REQUIRED ACTION:
With pictures left out, output exactly the lines of the listing below from the line that has "Inclure le grand" to the line that has "of KidZania in", both lines kept.

SOURCE MATERIAL:
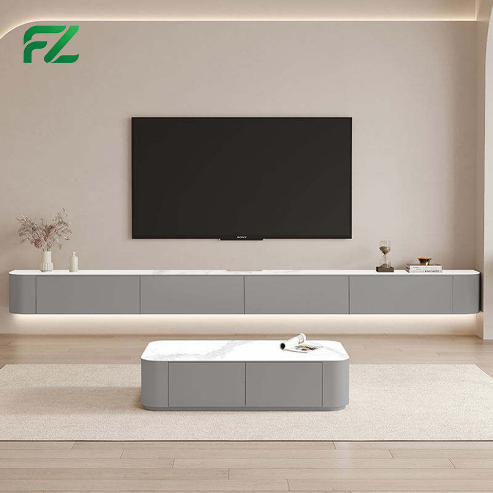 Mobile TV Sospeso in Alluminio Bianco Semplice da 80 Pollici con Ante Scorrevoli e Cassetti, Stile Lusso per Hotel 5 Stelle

...

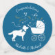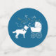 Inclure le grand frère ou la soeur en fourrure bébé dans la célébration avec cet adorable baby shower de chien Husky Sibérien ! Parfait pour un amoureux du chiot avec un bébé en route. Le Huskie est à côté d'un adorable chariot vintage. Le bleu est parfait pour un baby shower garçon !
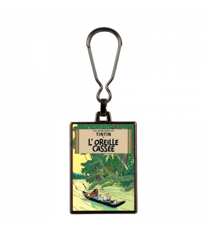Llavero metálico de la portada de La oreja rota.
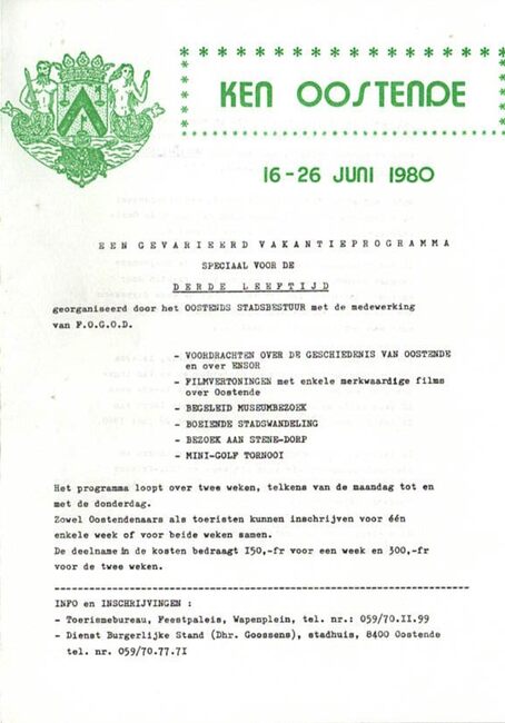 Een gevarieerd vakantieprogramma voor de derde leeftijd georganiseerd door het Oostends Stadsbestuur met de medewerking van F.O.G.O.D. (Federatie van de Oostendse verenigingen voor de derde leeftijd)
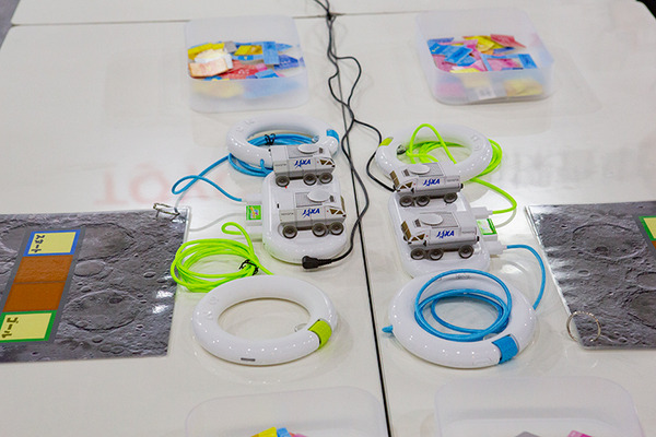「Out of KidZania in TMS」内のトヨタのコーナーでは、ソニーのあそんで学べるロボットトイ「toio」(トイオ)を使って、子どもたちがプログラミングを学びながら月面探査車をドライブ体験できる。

...

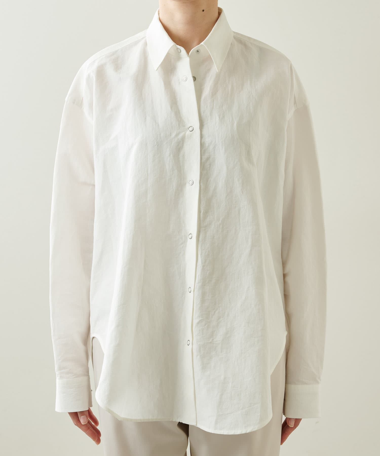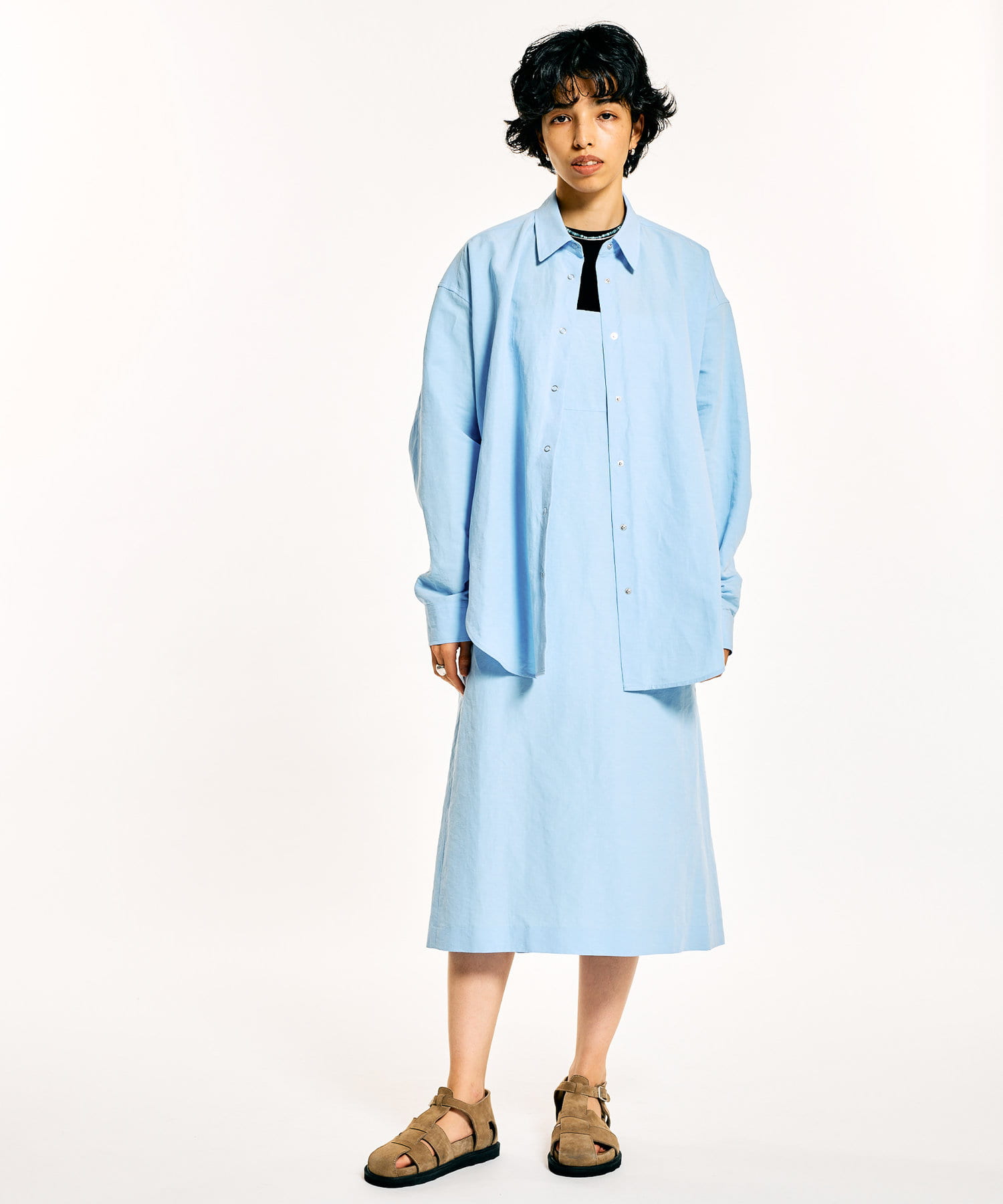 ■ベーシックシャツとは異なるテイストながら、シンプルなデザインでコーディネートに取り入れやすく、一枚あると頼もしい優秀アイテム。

RESPONSE TO THIS EXERCISE:
 Inclure le grand frère ou la soeur en fourrure bébé dans la célébration avec cet adorable baby shower de chien Husky Sibérien ! Parfait pour un amoureux du chiot avec un bébé en route. Le Huskie est à côté d'un adorable chariot vintage. Le bleu est parfait pour un baby shower garçon !
Llavero metálico de la portada de La oreja rota.
 Een gevarieerd vakantieprogramma voor de derde leeftijd georganiseerd door het Oostends Stadsbestuur met de medewerking van F.O.G.O.D. (Federatie van de Oostendse verenigingen voor de derde leeftijd)
「Out of KidZania in TMS」内のトヨタのコーナーでは、ソニーのあそんで学べるロボットトイ「toio」(トイオ)を使って、子どもたちがプログラミングを学びながら月面探査車をドライブ体験できる。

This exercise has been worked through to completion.